The problem I ran into came up later, when I wanted to reproduce a step in this analysis. I forgot the R command I used! @DarrinLRogers came through with the reminder so I thought I should write it all down in a post. You know, for next time I forget.
Working with Regression Models
I was doing some feature selection and feature engineering, so I expected to reduce the number of features significantly. Certain features were highly correlated, and there was also some redundancy, both of which meant pruning back the number of features. The number increased to 32, by the way, because almost all features had to be replaced with dummy variables.
I took advantage of the neat shortcut in R that allows you to use the
Y ~ ., argument to pass all the features into a regression function. I was using
glm() but it is the same syntax for
lm(). The code looked like this:
LogModel2 <- glm(Churn ~ ., family = binomial(link = 'logit'), data = training)
summary() command on a
lm object gives an indication of the relative importance of the features in the data set, which are now terms in the regression equation. Importance is given by the number of asterisks to the right of the column of p-values. You can use these to determine which terms to prune from the equation.

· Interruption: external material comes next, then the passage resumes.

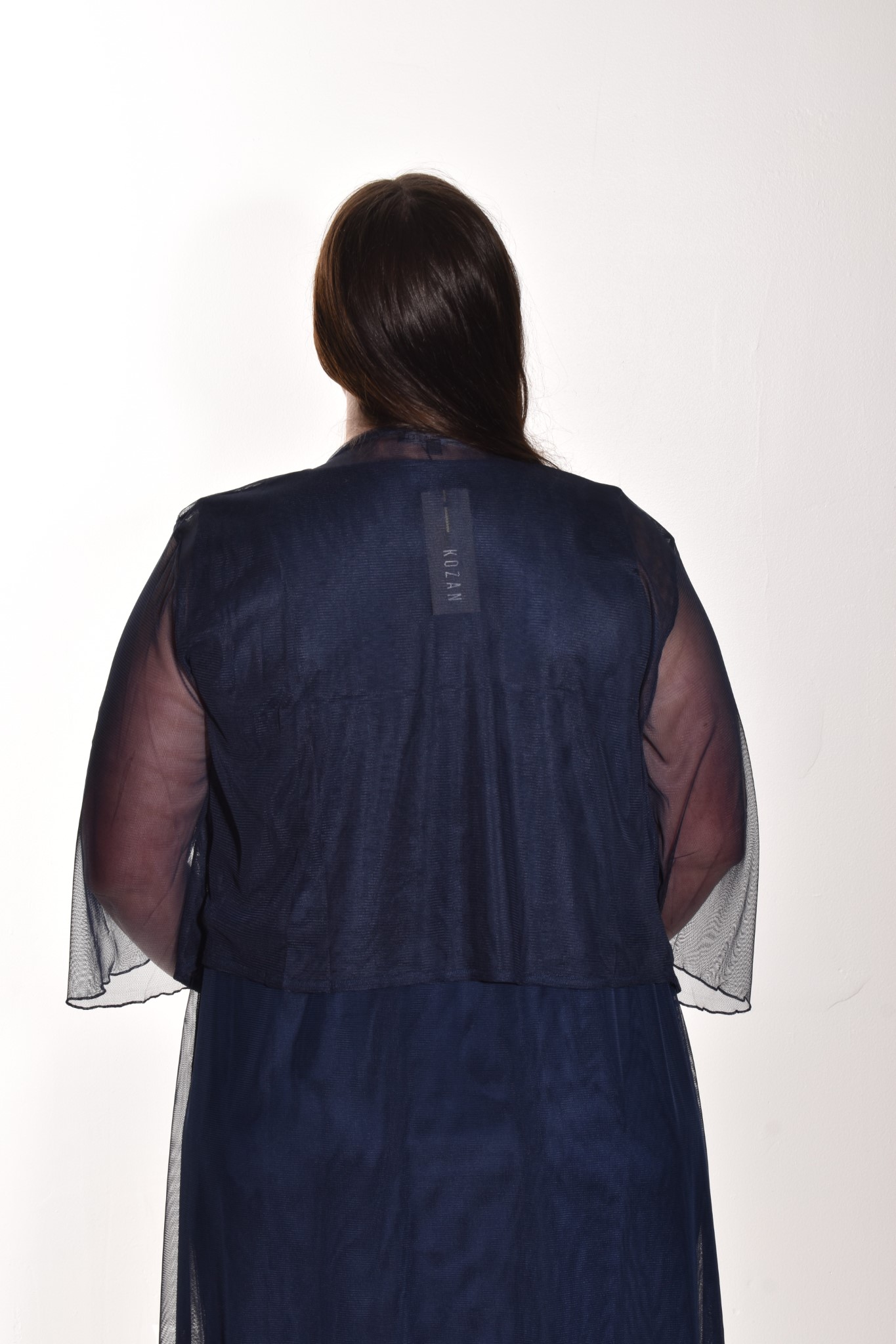 This versatile cropped mesh cardy has a cascading open front and 3/4 length sleeves with a subtle flare. Pair her with style, #LI-1535, The Antonio Dress for an elegant ensemble that will take you to any special occasion.

A similar selection analysis can be done running the
anova() command. The results won’t necessarily be the same as the
summary() command’s so comparisons can be helpful.

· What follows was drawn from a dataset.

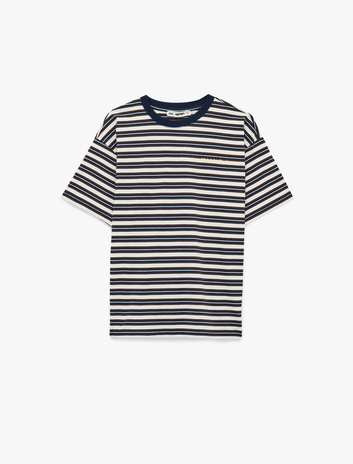 Çizgili Rahat Kalıp Kısa Kollu Bisiklet Yaka Pamuklu Tişört Sepete Ekle

About 12 terms had to be cut out of the regression model. They weren’t adding much to performance. Having a simpler model is best, so cutting out these features made sense. But with that many to remove, rewriting the
glm() command gets kind of tedious. Fortunately, I came across an R tip I found very useful. It made it possible to output the full regression model with all terms expressed, not abbreviated in the
Y ~ ., syntax.
All I had to do was copy the full equation and remove the terms I didn’t need. I ended up with this:
LogModel2 <- glm(Churn ~ TotalCharges + PhoneService_Yes + MultipleLines_Yes + InternetService_DSL + `InternetService_Fiber optic` + OnlineSecurity_Yes + TechSupport_Yes + StreamingTV_Yes + StreamingMovies_Yes + `Contract_Month-to-month` + `Contract_One year` + PaperlessBilling_Yes + `PaymentMethod_Electronic check` + `tenure_group_0 - 6 Mos`, family = binomial(link = 'logit'), data = training)
If there is another way of doing this (and I’m sure there is) I would like to hear about it.
The call that yields this result is, in this case
LogModel2$terms. It produces a lot of information about the object but the output of the full equation with all terms was most useful in this analysis.
Later, I wanted to do something similar with another project I was working on, but I forgot how I did it the first time! I drew a total blank. I spent hours googling and going through my history in R-Studio but I couldn’t find the code. It was terribly frustrating.
Finally, in desperation, I turned to the #rstats channel in Twitter and the R4ds Slack group. It was a mistake. I should have gone there first.
I got a lot of good responses and helpful ideas on both channels but none was exactly what I was looking for. I realized this
object$terms call might not be well known in the community. So I vowed when I figured it out, or if someone pointed me in the right direction, I would pass along the knowledge in a blog post.
Fortunately, @DarrinLRogers came through with the solution I was looking for. Thanks to him and all the others who pitched in with good ideas.